Por Alfonso Gómez Méndez
Urge revisar si realmente la Corte puede adentrarse en el estudio de las reformas constitucionales.
Tres de mis grandes profesores en el Externado –Daniel Manrique, de derecho civil; Rafael Forero, de derecho laboral, y Carlos Restrepo Piedrahíta, quien llegó a los 101 años– fallecieron hace pocos días. En el centenario de este último –a quien López Michelsen consideraba el más importante investigador y docente en materia constitucional en América Latina– escribí una columna resaltando su trayectoria y decisivo papel en la evolución de nuestro derecho público. Hoy vuelven a mi memoria sus enseñanzas, a propósito del debate generado por recientes decisiones de la Corte Constitucional.
Nos explicaba el maestro los distintos tipos de constituciones existentes en cuanto a los procedimientos para su establecimiento o modificación, como las rígidas y las flexibles, con ejemplos de nuestra historia política y constitucional.
La Constitución de Rionegro, o de los radicales de 1863, dispuso un procedimiento tan complejo para reformarla que en la práctica exigía unanimidad en el Congreso.
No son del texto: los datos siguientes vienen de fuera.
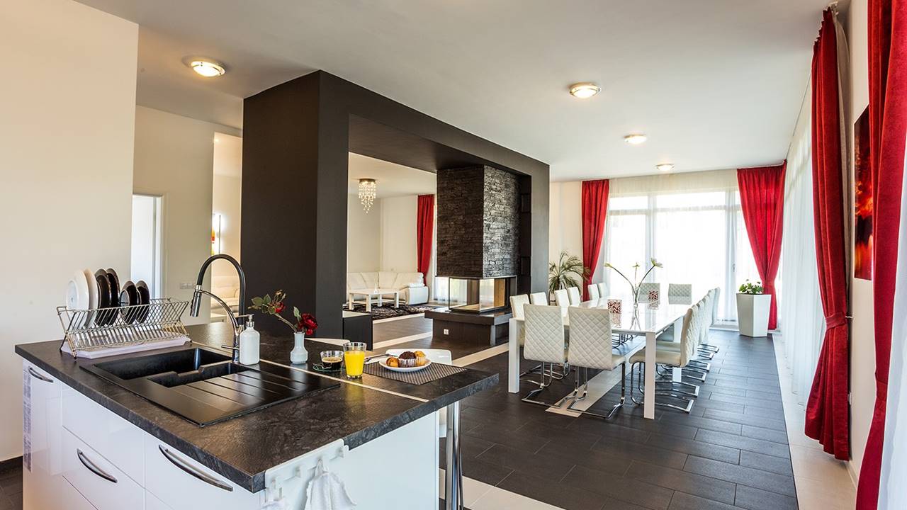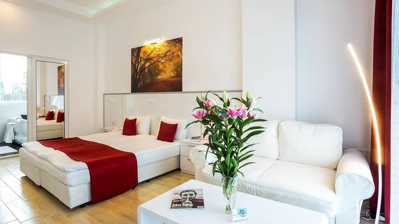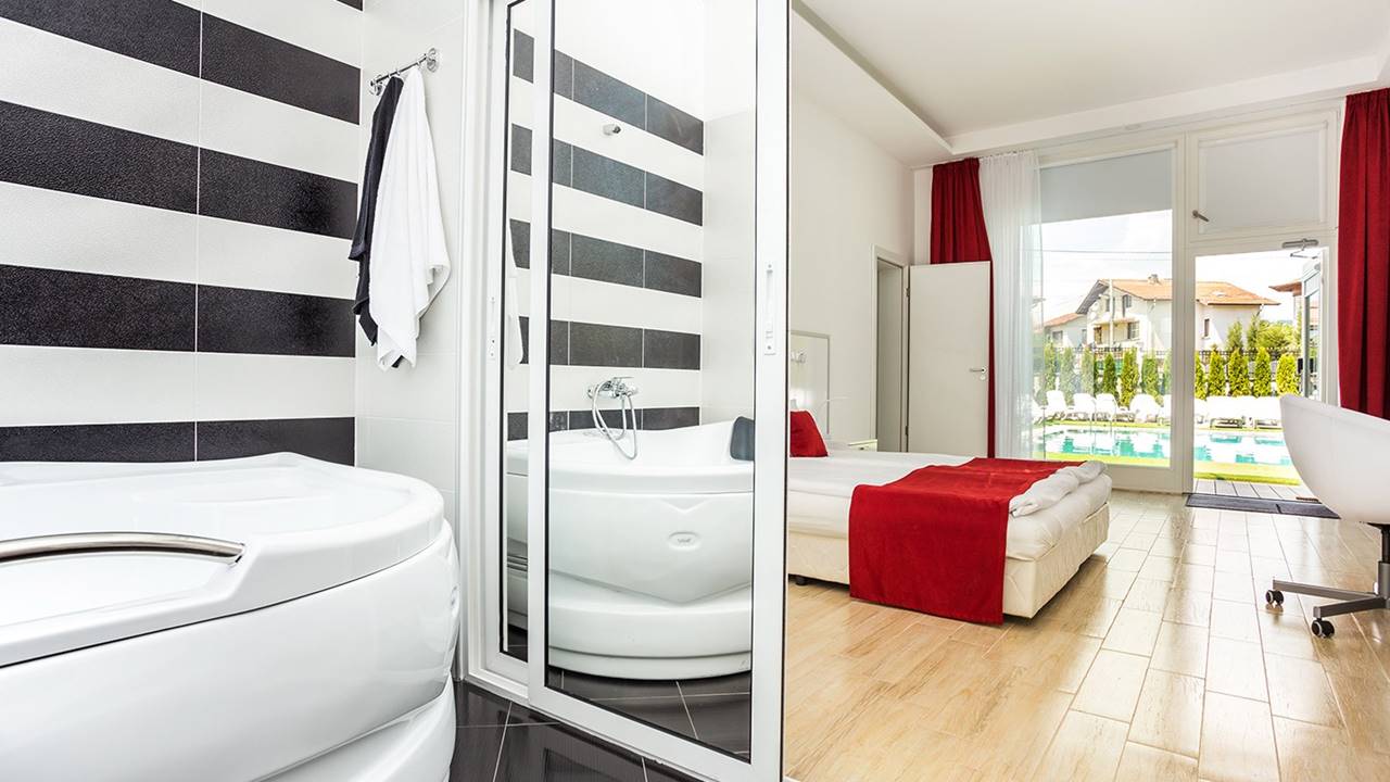 - Всички помещения са луксозно обзаведени и и разполагат с електронно заключване, подово отопление, плоскоекранен телевизор със сателитни канали и високоскоростна безжична интернет връзка, единична хидромасажна вана в банята
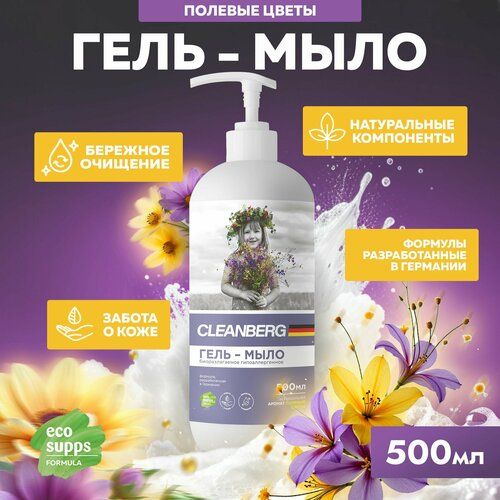 НАЙТИ ВЫГОДНЕЕ - Жидкое мыло для рук CLEANBERG Полевые цветы гипоаллергенное увлажняющее 500 мл

En buena parte, esa rigidez generó la guerra civil de 1885, dando al traste con todas las buenas instituciones radicales –incluido el régimen federal y el Estado laico– y abriendo campo a la regeneración conservadora en 1886.
Tal vez como reacción a ese rigor, en 1887, los regeneradores expidieron la ley 57 determinando que toda ley posterior se reputaba constitucional, es decir, que la flexibilidad era tanta que una simple ley subsiguiente reformaba la Constitución. Este sistema se cambió en 1910, al establecerse la jurisdicción constitucional, dándole supremacía a la Constitución mediante un procedimiento intermedio en las Cámaras para reformarla a través de ocho debates en dos vueltas.
Por los pésimos antecedentes de las constituyentes, de bolsillo la de 1905 bajo el quinquenio de Reyes y la de 1952 en el gobierno de Laureano Gómez, el Plebiscito de 1957, que restableció el hilo perdido de la institucionalidad por la violencia política, dispuso: “En adelante, las reformas constitucionales solo podrán hacerse por el Congreso, en la forma establecida por el artículo 218 de la Constitución” (art. 13). Era una especie de Constitución rígida.
Pese a que la jurisprudencia constitucional hasta entonces vigente prohibía a la Corte Suprema conocer de demandas contra reformas constitucionales, en mayo de 1978, alegando el citado artículo plebiscitario, tumbó la pequeña constituyente que para reformar la justicia y el régimen territorial había convocado el Congreso en 1977 por iniciativa de López Michelsen. Pero esa rigidez fue levantada en 1990, por decreto de Estado de Sitio del presidente Barco, abriendo un proceso constituyente. La Corte, por estrecho margen, avaló esa ruptura.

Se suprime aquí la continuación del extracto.